Gioachino Rossini, Libretto by Cesare Sternbini
Glyndebourne Opera House
Glyndebourne Opera House

The Cast of The Barber of Seville Credit: Bill Cooper
The Cast of The Barber of Seville Credit: Bill Cooper

Gioachino Rossini was a wit on and off-stage. “Give me a laundry list,” he boasted, “and I will set it to music.” The Barber of Seville, with its virtuoso exuberant score, bravura solo arias and intricate ensembles, is the greatest of all buffa operas. The act 1 (“My heart is in a whirlwind”) finale is irresistible.

Beaumarchais would have been delighted by Rossini’s worldwide success. His play on which the opera is based, and which had its première forty years earlier in 1775, had begun as a draft opera-comique.

This performance, directed by Annabel Arden and designed by Joanna Parker, which can be seen online, was filmed live at Glyndebourne in 2016. Enrique Mazzola conducts the London Philharmonic Orchestra.

Rosina (Danielle de Niese), with the help of a quick-witted, long-haired hippie barber (Björn Bürger), manages to escape the clutches of her guardian (Alessandro Corbelli). De Niesee is vivacious.
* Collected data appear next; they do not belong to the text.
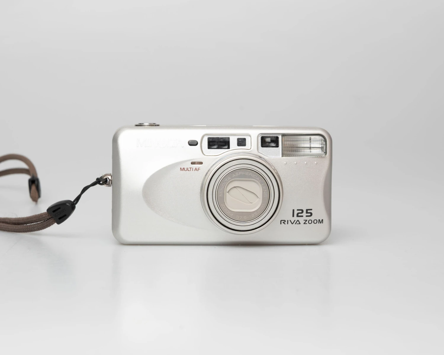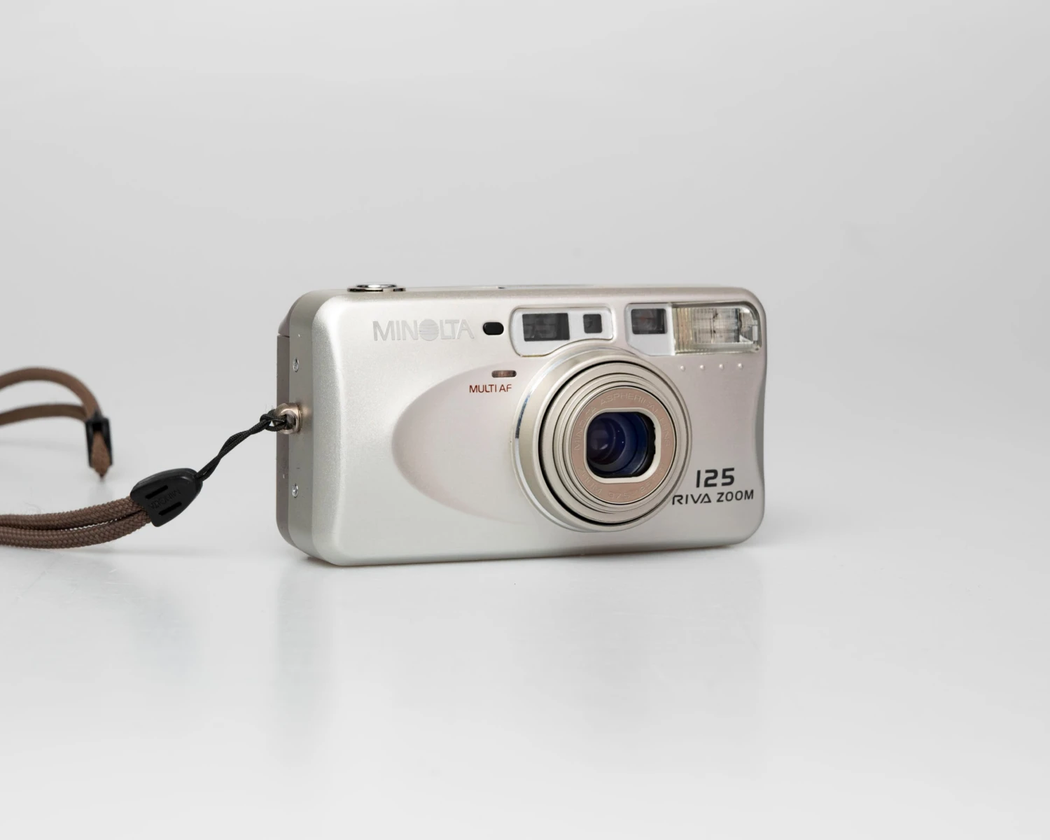 The circa-2000 Minolta Riva Zoom 125 Date is very compact and high quality 35mm point-and-shoot. This camera was sold as the Freedom Zoom 125 and Capios 125S in some markets.
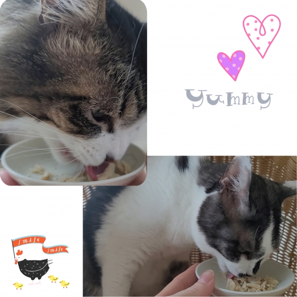 普段から鶏肉が大好物のわが家の猫達は商品のパッケージを見た瞬間おねだりを始めていました。食べっぷりも良く、あっと言う間に平らげてしまい、大変満足している様子でした。
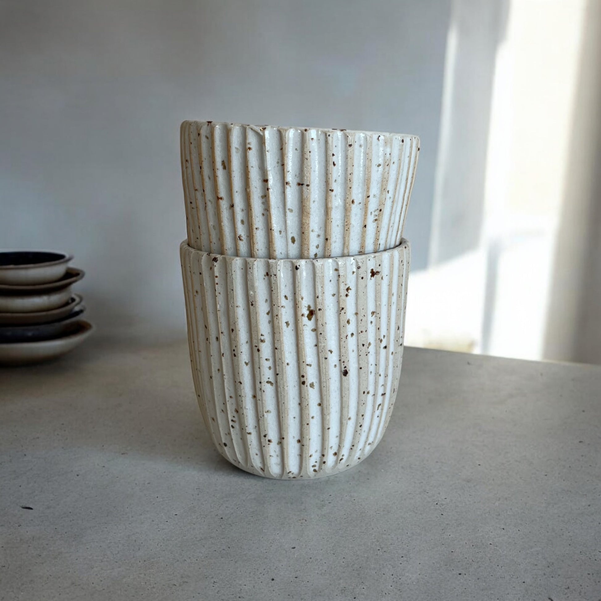 Koppen är karvad för hand och glaserad i en vit matt glasyr.
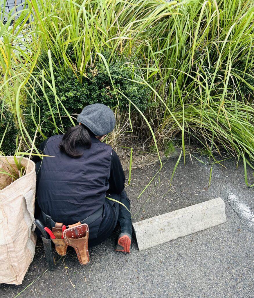チガヤの刈り取り 2025 10/28 雑草対策 本日は滋賀県でのご依頼でした。 チガヤは地下茎で広がりますので 根絶が非常に困難です。 根気よく伸びた葉を刈り取り 光合成ができないようにすることが重要です。 雑草対策 カポックの剪定
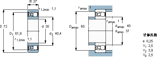 | 30 | 72 | 27 | 22,5 | 6,8 | 0,36 | - | 6700 | 0,51 | 2306 E-2RS1TN9 | |
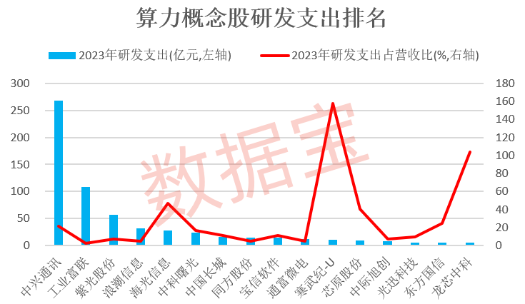 据证券时报·数据宝统计,A股算力概念股2023年研发支出合计达到673.34亿元,占营收的比例为7.12%,这一比例是A股同期水平的2.84倍。11只概念股研发支出超10亿元,包括中兴通讯、工业富联、紫光股份、浪潮信息、海光信息等。
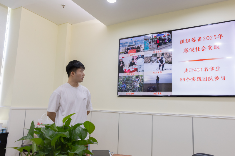 主席团成员于浩宁进行工作汇报,他从工作成效、外联交流、组织建设、人才培养等多角度,对学期内团委学生会的工作进行汇报;并从丰富知行学习模式、抓牢组织自身建设、注重骨干个人成长三个角度做工作展望,明确了团委学生会未来的工作方向。
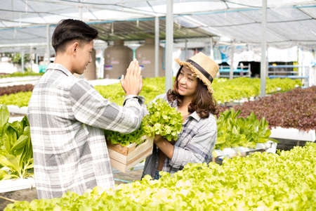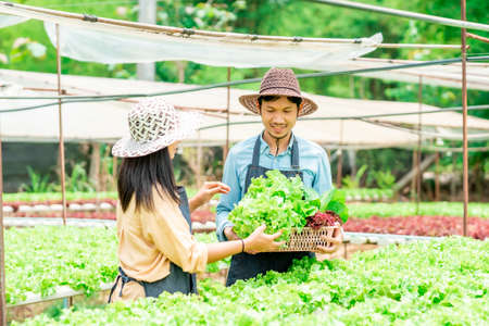 Hydroponics, smiling young Asian couple farmers harvest organic vegetable salad from farm garden, nursery. Organic farming business concept.
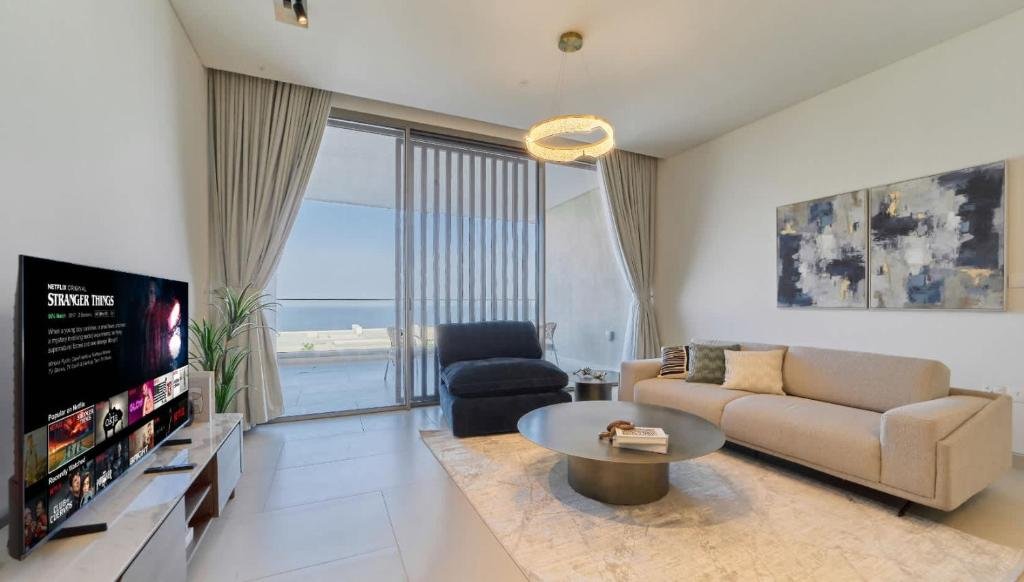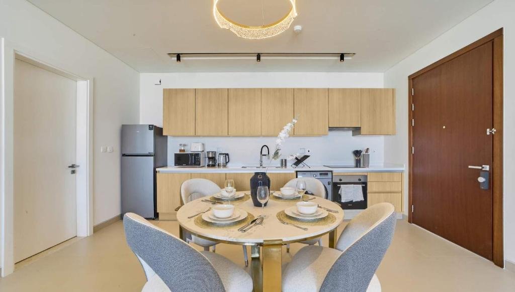 Beachfront Location: Elegant 1BR with Beach View in Al Zorah offers direct beachfront access in Ajman. Guests can relax on the sandy shores and enjoy stunning sea views. Facilities and Amenities: The apartment features a fitness centre, free WiFi, and a lift. Free on-site parking is available, along with air-conditioning, a washing machine, and a fully equipped kitchen. Spacious Accommodation: The spacious apartment includes one bedroom and one bathroom. Additional amenities include a patio, dining table, and a range of kitchen appliances. Nearby Attractions: Sharjah International Airport is 25 km away. Points of interest include Ajman China Mall (8 km), Sharjah Aquarium (26 km), and Dubai Mall (43 km).

Burger is a charismatic charmer. Corbelli is an excellent comedian.

A high spot is Basilio (Christophoros Stamboglis in cassock) describing how a libellous rumour grows into a monstrous unbridled storm and humiliates and destroys its victim.

Singers and orchestra are fine. The production, however, is often a major distraction. The surreal set has no reality and the costumes have not one set period. Taylor Stayton’s Almaviva wears an off-putting metallic frock coat. He looks far more convincing as Almaviva when he is in disguise as a drunken soldier and priest.

There is too much irrelevant, unfunny comic business. The singers, even whilst they are singing, heaven help them, are regular upstaged by three mime actors who, in commedia dell’arte fashion, hang around and regularly move a harpsichord on and off and around the stage to no purpose and no laughs.

Corbelli has the best nouvelle blague when Bartolo, fast asleep at the harpsichord, is woken by the applause de Niese is getting for her singing and presumes the applause is for him and takes a bow, the ultimate breaking of the fourth wall.